トンガ
国旗のデザインの由来と意味
カントン部分に赤い十字のシンボルを配した国旗。赤十字は信仰心を、白は純潔を、赤はキリストが人々を救うために流した血をあらわしています。
旗の原型は、1862年に国王ジョージ・トゥポウ1世の命によって、王子と牧師がふたりで考案したもの。その旗は、白地の中央に赤十字が描かれたものでした。ところがその1年後、国際赤十字の旗が制定されます。国際赤十字の旗は、トンガの国旗と同じデザインでした。国際的人道組織として発足した国際赤十字は急速に世界に知られるようになり、結局トンガが国旗を変更。1864年に元のデザインをカントンに収めるという方法で決着をみました。
またこの国旗を制定する際、このデザインはトンガが存続する限り、未来永劫にわたって修正してはならないと憲法により定められました。
トンガの国名について
ポリネシア語で「風下側」を意味します。サモアの「風下」「南側」に位置することに由来していると言われている。
トンガの国旗の歴史
トンガ王国は、4つの群島に含まれる172の国々(有人の島は45)からなる国。大柄な民族で、成人男性の平均身長が180cmといわれているトンガは、『ガリバー旅行記』に登場する巨人国のモデルともいわれています。

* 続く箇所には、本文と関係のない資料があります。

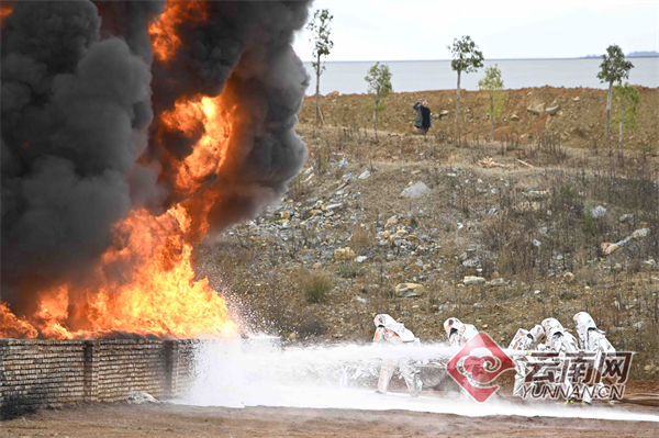 曲靖支队重型化工灭火救援编队以扑灭400平方米的大型油池起火为作战目标,针对大面积油池火灾具有燃烧速度快、燃烧猛烈、热辐射强烈等特点,分别在油池点火作战车辆预先展开、油池火呈猛烈燃烧状态等5个不同阶段,钳住泡沫验证是扑救易燃液体火灾最为基础和关键的环节,以“饱和攻击”为作战理念,组成灭火战术队形,利用泡沫管枪组、泡沫钩管组、中倍数和高倍数泡沫发生器实施“低、中、高”三类层次的泡沫叠加,形成“低倍数泡沫主灭火、中倍数泡沫推低倍、高倍数泡沫强补位”的三梯次进攻态势,发挥泡沫灭火药剂的最大作战效能,在强大泡沫射流的压制下,油池大火被成功扑灭,实现了此次化工灾害灭火救援实战演的预定目标。
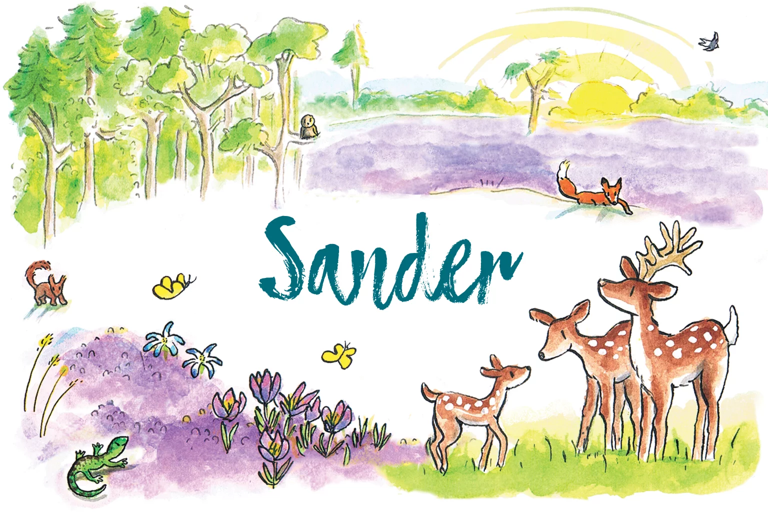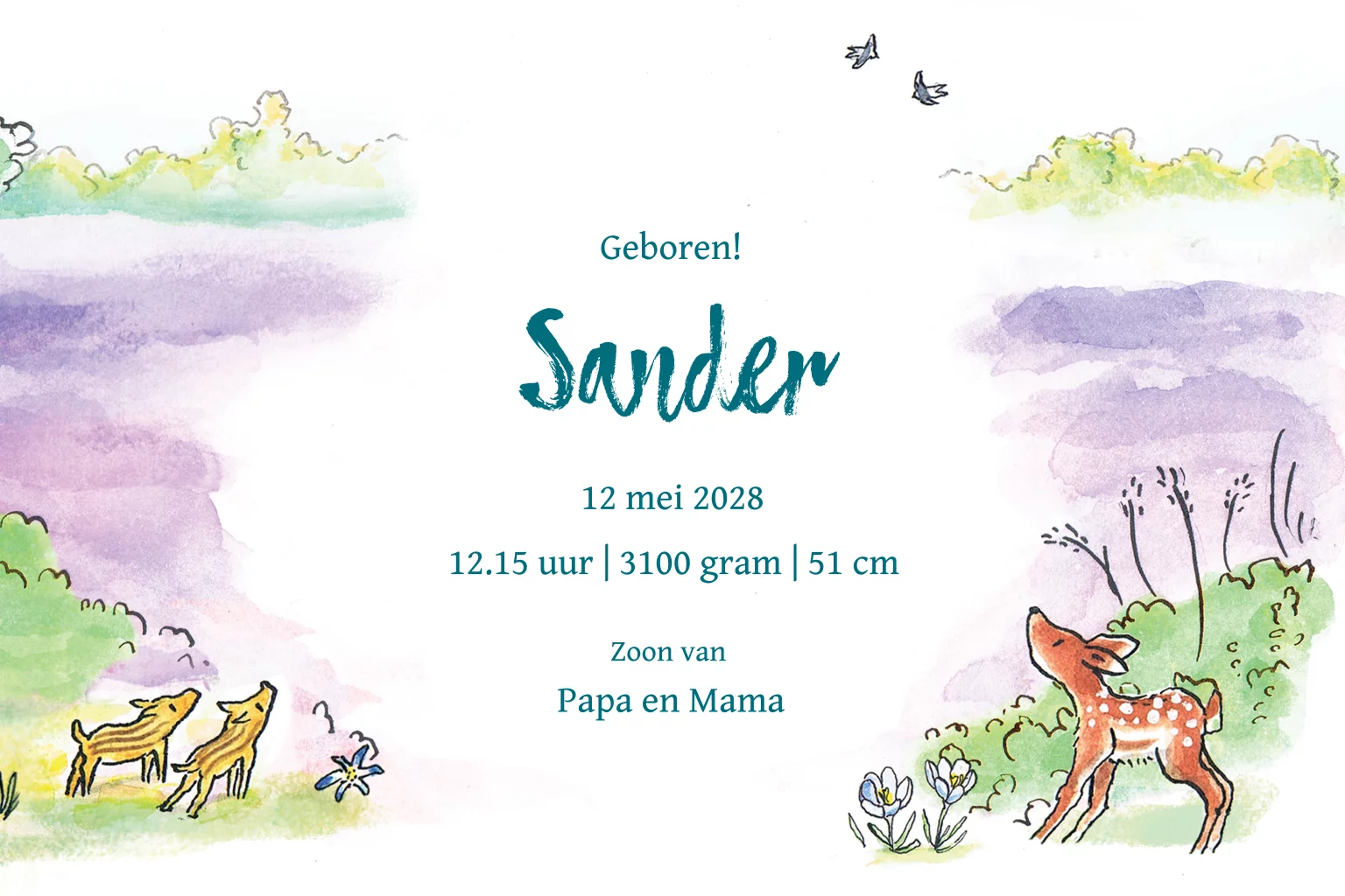 Lief geboortekaartje voor een jongen met dieren en de zon. (3658)
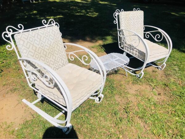 Beautifully forged chairs with wicker seats treated for outdoor use.
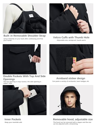 • 【Waterproof&Windproof 】These winter coats for men Water-Repellent shell fights bad rainy,snowor misty weather, keep your body dry and comfortable.Hood can be removed with zipper;The cuffs are adjustable and come with gloves.

18世紀、探検家のジェームズ・クックが来航し、トンガはイギリスの配下に組み込まれました。しかし1845年、キリスト教に改宗した若き戦士タウファアハウが全土を統一、イギリス国王の名前に因んで「ジョージ・トゥポウ1世」(KingGeorge)と名乗り、イギリス人牧師の助けを借りながら国づくりを進めました。
1850年、国王ジョージ・トゥポウ1世が作った旗はこんなデザインでした。
中央に、赤文字Aと青文字Mを組み合わせたシンボルを置き、左右に十字を配した国旗。AとMは、聖母マリアへの祝いの言葉「アベ・マリア」をしめすと考えられています。
こちらは1862年に、国王ジョージ・トゥポウ1世が命じ、王子と牧師に作らせた旗です。トンガでは、王家と国民のほとんどがキリスト教徒。敬虔なキリスト教徒であった国王は「イエスの十字架を記し、旗の色は、我々を救うために十字架の上で流された血を意味する赤が希望」と伝えたといいます。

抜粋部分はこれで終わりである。